Segment Start: DATASET EXTRACT

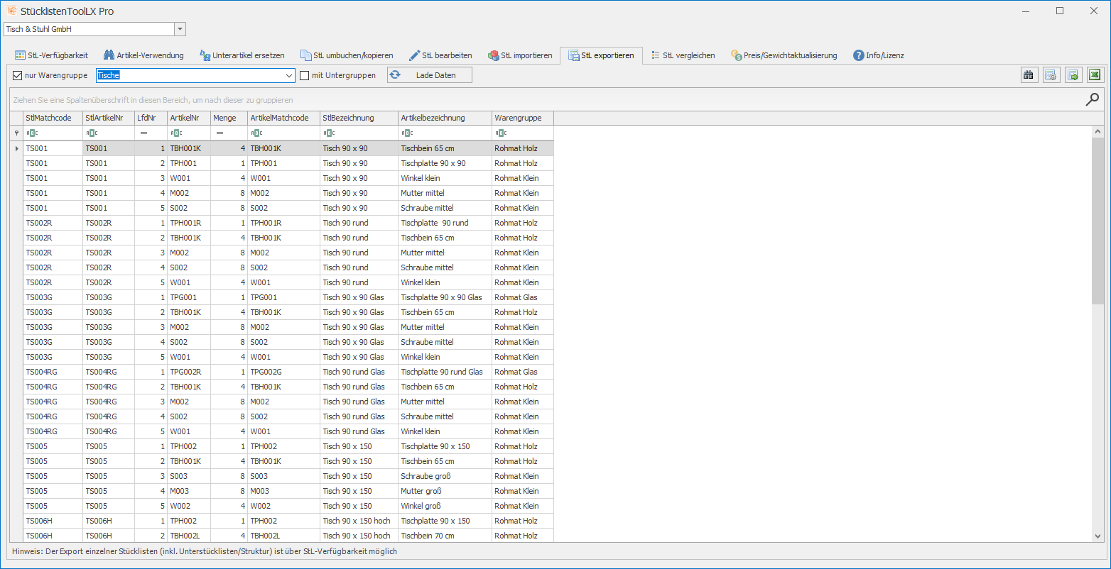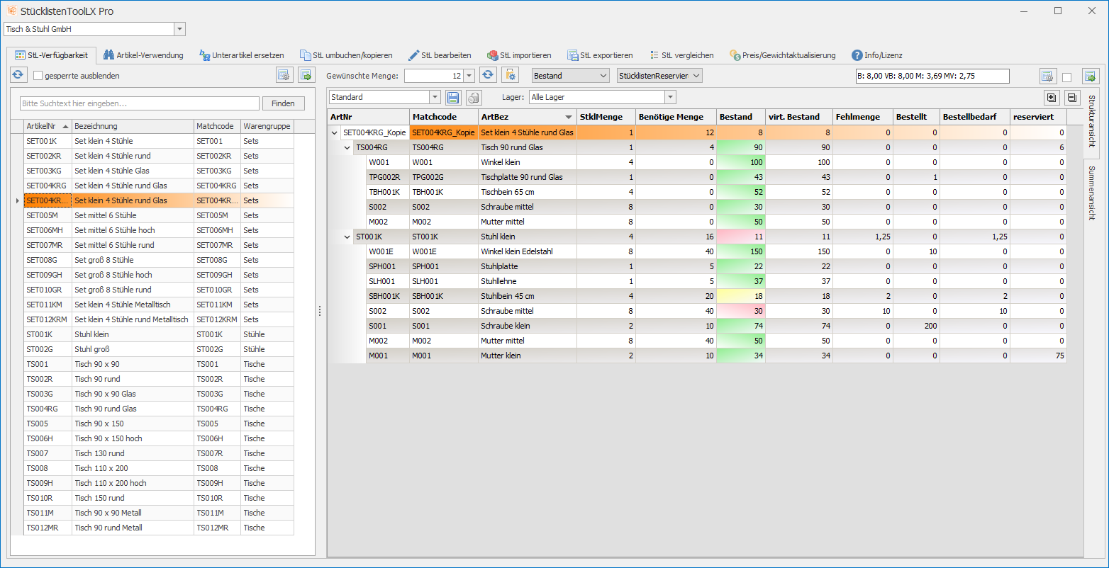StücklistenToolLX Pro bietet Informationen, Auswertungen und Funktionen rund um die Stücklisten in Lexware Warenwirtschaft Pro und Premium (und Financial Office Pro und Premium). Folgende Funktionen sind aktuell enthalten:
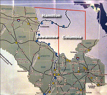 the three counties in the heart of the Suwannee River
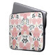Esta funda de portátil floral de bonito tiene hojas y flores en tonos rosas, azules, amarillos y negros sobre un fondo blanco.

Segment End: DATASET EXTRACT

WHAT TO DO | Excluding pictures, reproduce the listing above exactly as it stands.

COMPLETED EXERCISE |
StücklistenToolLX Pro bietet Informationen, Auswertungen und Funktionen rund um die Stücklisten in Lexware Warenwirtschaft Pro und Premium (und Financial Office Pro und Premium). Folgende Funktionen sind aktuell enthalten:
 the three counties in the heart of the Suwannee River
Esta funda de portátil floral de bonito tiene hojas y flores en tonos rosas, azules, amarillos y negros sobre un fondo blanco.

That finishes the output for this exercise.